Clinical Orthopaedics and Related Research: July 2012 - Volume 470 - Issue 7 - p 1885–1894 doi: 10.1007/s11999-011-2155-9 Symposium: Retrieval Studies

Proximal Component Modularity in THA—At What Cost?: An Implant Retrieval Study

Kop, A., M., PhD1; Keogh, C., DipAppSci1; Swarts, E., BSc1, a

Background While modular femoral heads have been used in THA for decades, a recent innovation is a second neck-stem taper junction. Clinical advantages include intraoperative adjustment of leg length, femoral anteversion, and easier revision, all providing flexibility to the surgeon; however, there have been reports of catastrophic fracture, cold welding, and corrosion and fretting of the modular junction.

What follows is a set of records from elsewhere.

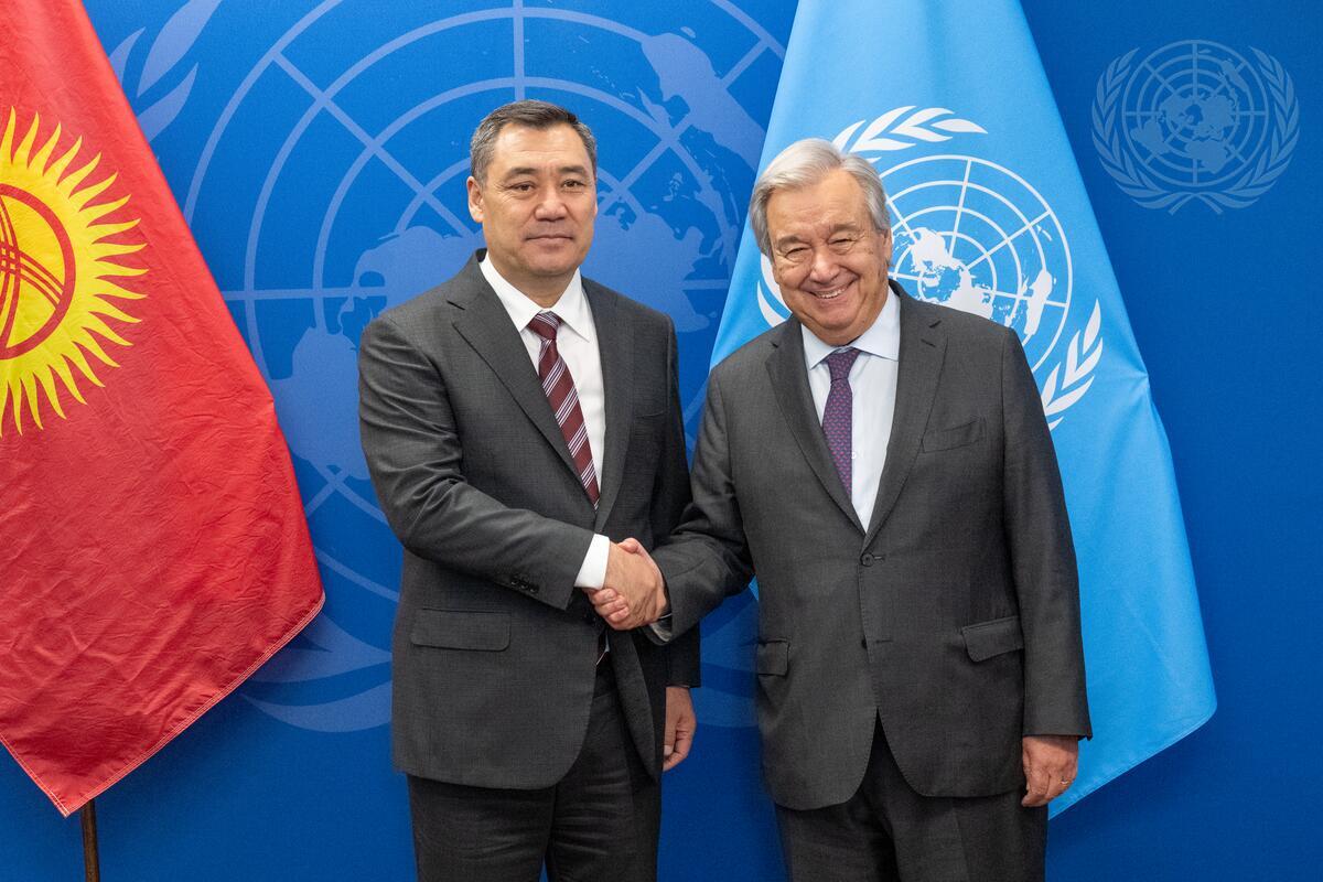 Secretary-General António Guterres (right) meets with Sadyr Zhaparov, President of the Kyrgyz Republic.
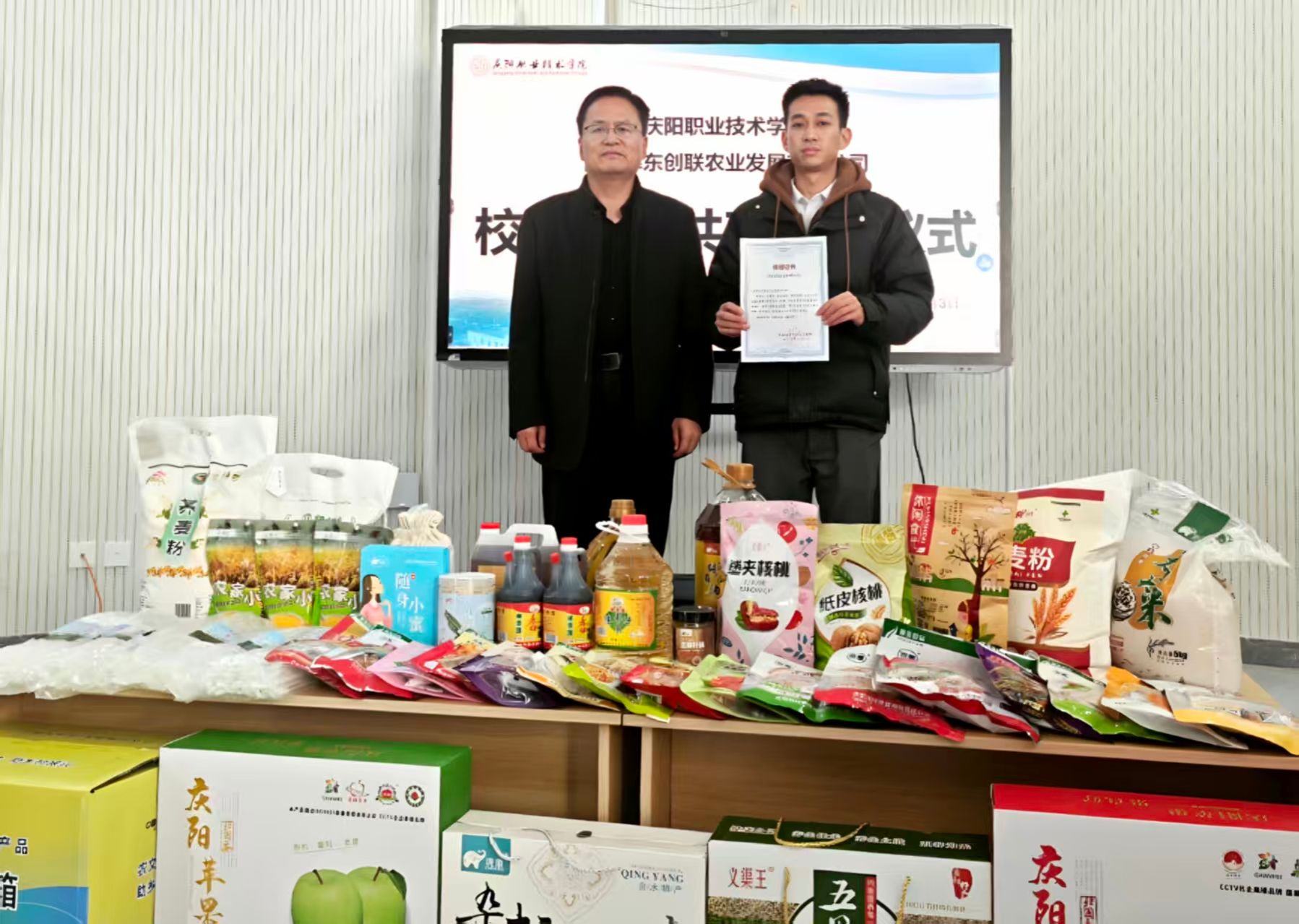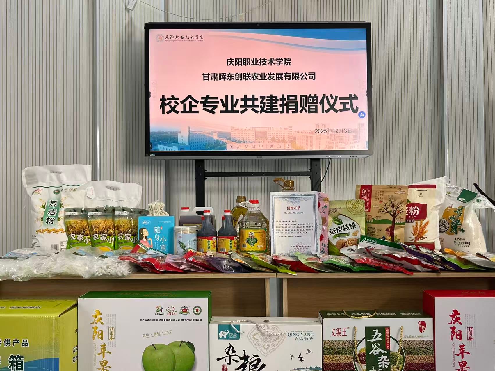 2025年12月3日,庆阳职业技术学院文化旅游系与甘肃晖东创联农业发展有限公司校企共建捐赠仪式在学院直播电商实训室顺利举行。学院党委委员、副院长杨三宁,甘肃晖东创联农业发展有限公司副总经理何建祥及企业代表共同出席活动。
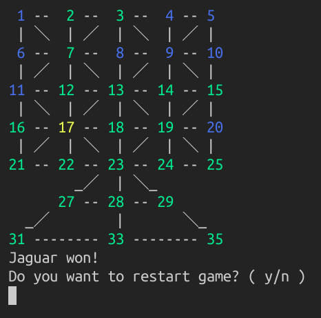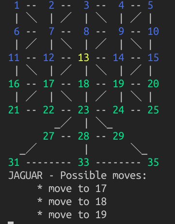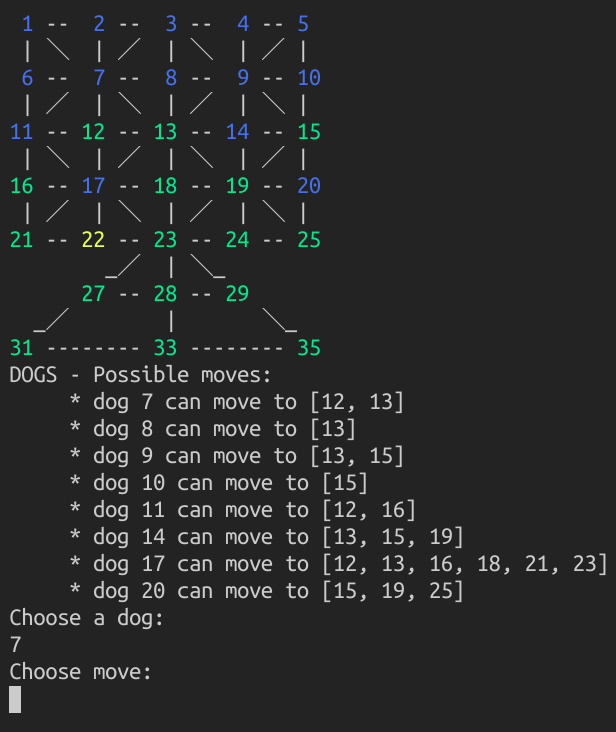 Adugo Implemenattion of Adugo, a two-player abstract strategy game. Game beggining Dogs move Game ending

Questions/purposes We asked whether (1) the neck-stem junction showed the same degradation mechanisms, if any, as the head-neck junction, (2) the junction contributed to THA revision, (3) the alloy affected the degree of degradation, and (4) the trunion machine finish affected the degradation mechanisms.


Methods We compared 57 retrievals from seven total hip modular designs, three cobalt-chromium-molybdenum and four titanium based: Bionik® (four), GMRS® (four), Margron®(22), Apex® (five), M-series® (five), ZMR® (two), and S-ROM® (15). Macroscopic inspection, microscopy, and micro-CT were conducted to determine the effects of materials and design.


Results The cobalt-chromium-molybdenum components showed crevice corrosion and fretting of the neck-stem taper, whereas the titanium components had less corrosion; however, there were several cases of cold welding where disassembly could not be achieved in theater.


Conclusions Even with modern taper designs and corrosion-resistant materials, corrosion, fretting, and particulate debris were observed to a greater extent in the second neck-stem junction. Titanium-based modular arthroplasty may lessen the degree of degradation, but cold welding of the components may occur.


Clinical Relevance Degradation of the second junction contributed to 8 cases of metallosis and two cases of aseptic lymphocyte-laminated vascular-associated lesions contributing to revision.